862 words · 5 min read
April 13 - April 19
Cloud Assignment 4 is humming along, it looks like it’s taking students about 2 hours at the moment.
I had to increase disk allocation to the nodes in the cluster. When a student reaches the final strangler fig portion of the assignment, they have to build and push a large (3-4GB) container image to the node. When the node only has 20GB, two or more of those images take up all space on disk. My integration tests did not discover it, because I tested with two student test accounts, not three. Nodes now carry 80GB of disk space.
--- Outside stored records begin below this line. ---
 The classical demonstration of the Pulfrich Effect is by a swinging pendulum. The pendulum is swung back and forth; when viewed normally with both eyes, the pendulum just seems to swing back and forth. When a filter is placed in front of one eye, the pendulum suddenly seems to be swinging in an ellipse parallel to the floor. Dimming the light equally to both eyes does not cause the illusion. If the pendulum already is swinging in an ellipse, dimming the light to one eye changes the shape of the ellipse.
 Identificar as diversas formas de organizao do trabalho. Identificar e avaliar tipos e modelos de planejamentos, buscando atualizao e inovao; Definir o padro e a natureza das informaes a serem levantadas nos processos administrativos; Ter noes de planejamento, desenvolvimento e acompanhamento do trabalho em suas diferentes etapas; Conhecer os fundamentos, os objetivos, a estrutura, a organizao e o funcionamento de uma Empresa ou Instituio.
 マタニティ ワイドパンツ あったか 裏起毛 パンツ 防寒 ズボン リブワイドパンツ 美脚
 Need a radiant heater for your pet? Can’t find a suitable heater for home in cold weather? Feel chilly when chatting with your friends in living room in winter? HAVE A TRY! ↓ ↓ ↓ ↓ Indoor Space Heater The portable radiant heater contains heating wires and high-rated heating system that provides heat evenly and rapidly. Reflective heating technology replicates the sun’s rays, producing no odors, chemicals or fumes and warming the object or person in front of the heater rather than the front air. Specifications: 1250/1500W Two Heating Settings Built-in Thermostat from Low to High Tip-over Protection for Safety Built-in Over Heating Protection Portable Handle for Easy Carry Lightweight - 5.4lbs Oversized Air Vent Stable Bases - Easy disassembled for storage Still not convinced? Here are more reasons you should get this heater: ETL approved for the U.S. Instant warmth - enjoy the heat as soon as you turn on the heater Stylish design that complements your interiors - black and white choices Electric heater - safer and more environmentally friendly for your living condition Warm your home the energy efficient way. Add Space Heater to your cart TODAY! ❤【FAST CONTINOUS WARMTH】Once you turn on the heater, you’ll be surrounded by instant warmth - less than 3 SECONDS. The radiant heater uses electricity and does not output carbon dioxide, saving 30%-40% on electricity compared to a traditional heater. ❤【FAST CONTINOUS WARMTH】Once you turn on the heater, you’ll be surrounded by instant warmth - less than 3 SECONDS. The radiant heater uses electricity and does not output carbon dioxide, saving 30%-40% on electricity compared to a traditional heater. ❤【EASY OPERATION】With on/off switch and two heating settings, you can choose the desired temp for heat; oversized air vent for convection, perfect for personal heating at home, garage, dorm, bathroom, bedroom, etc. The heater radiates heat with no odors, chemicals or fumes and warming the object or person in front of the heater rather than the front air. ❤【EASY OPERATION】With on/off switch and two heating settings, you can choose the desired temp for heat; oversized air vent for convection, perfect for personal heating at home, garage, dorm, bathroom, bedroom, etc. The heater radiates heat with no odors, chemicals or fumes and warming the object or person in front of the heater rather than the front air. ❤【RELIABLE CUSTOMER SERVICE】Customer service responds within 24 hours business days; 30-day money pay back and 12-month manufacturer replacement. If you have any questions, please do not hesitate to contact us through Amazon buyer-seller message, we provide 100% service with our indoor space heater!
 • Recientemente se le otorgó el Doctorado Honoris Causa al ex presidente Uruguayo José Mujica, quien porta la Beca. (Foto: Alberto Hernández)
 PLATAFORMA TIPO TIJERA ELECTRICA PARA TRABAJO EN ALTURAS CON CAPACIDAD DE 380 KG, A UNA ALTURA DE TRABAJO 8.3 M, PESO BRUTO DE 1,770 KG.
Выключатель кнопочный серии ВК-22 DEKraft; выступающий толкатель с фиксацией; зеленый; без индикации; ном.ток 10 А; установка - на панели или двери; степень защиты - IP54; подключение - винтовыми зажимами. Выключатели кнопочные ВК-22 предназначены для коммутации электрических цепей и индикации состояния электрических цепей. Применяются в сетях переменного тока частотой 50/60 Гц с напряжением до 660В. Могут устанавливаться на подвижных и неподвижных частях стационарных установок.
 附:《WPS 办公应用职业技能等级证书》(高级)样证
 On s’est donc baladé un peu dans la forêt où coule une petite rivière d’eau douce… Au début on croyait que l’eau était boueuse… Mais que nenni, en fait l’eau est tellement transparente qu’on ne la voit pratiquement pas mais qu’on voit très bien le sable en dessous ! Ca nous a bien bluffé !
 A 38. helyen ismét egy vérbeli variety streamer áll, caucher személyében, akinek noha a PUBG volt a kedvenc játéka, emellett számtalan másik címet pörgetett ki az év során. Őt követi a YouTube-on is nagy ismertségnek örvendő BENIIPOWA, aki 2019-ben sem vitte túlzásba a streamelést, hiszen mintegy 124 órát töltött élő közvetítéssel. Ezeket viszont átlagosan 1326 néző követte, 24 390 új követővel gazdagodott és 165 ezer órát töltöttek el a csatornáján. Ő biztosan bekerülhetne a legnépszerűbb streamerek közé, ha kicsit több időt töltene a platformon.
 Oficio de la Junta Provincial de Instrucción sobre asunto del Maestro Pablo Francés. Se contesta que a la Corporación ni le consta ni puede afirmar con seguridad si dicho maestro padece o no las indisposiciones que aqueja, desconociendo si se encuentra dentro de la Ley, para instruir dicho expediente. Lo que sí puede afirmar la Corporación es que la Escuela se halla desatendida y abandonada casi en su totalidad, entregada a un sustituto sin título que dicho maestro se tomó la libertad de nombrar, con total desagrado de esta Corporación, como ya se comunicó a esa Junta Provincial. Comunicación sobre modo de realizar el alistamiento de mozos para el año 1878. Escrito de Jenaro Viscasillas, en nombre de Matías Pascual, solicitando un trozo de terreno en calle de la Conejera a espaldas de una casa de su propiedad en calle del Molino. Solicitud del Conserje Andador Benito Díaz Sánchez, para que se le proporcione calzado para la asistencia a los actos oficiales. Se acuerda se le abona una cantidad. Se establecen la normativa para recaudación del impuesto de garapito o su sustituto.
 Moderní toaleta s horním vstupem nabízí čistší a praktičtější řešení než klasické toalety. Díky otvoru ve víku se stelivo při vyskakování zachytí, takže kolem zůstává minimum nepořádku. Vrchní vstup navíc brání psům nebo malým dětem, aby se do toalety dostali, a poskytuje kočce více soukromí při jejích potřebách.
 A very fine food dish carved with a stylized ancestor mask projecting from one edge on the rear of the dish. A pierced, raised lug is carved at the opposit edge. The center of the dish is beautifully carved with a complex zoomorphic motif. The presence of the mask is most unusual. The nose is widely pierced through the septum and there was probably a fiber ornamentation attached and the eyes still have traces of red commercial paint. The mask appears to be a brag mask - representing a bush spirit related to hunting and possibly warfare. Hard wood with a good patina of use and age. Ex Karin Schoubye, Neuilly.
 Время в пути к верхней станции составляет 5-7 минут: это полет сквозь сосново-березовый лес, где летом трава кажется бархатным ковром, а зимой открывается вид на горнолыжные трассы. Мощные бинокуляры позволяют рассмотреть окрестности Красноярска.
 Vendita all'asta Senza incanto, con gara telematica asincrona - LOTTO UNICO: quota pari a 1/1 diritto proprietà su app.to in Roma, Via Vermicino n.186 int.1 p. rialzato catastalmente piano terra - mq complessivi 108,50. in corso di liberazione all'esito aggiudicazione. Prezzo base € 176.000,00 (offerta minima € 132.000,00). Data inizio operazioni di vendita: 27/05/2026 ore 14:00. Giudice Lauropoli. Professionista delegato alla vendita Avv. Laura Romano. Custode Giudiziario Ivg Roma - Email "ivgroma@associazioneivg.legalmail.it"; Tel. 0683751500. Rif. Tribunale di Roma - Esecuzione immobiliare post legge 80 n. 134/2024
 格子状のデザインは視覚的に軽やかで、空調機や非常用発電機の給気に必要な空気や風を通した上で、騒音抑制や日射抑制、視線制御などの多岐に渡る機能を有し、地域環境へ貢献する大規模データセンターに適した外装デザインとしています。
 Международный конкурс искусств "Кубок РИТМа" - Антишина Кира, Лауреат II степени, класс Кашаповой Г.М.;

The initial cluster for the assignment was over-provisioned. I had too much
redundancy, too much initial capacity. I had overshot the obvious scale of the
class, so I downgrade the EC2 instance type from a t3.2xlarge to a
t3.large, half the cost, and reduce the min cluster size to two nodes from
three. The installed autoscaler will do the rest, I’m curious to see how it
will handle the last minute submission burst. This change brought the estimated
cost to run the assignment from $500 to $200.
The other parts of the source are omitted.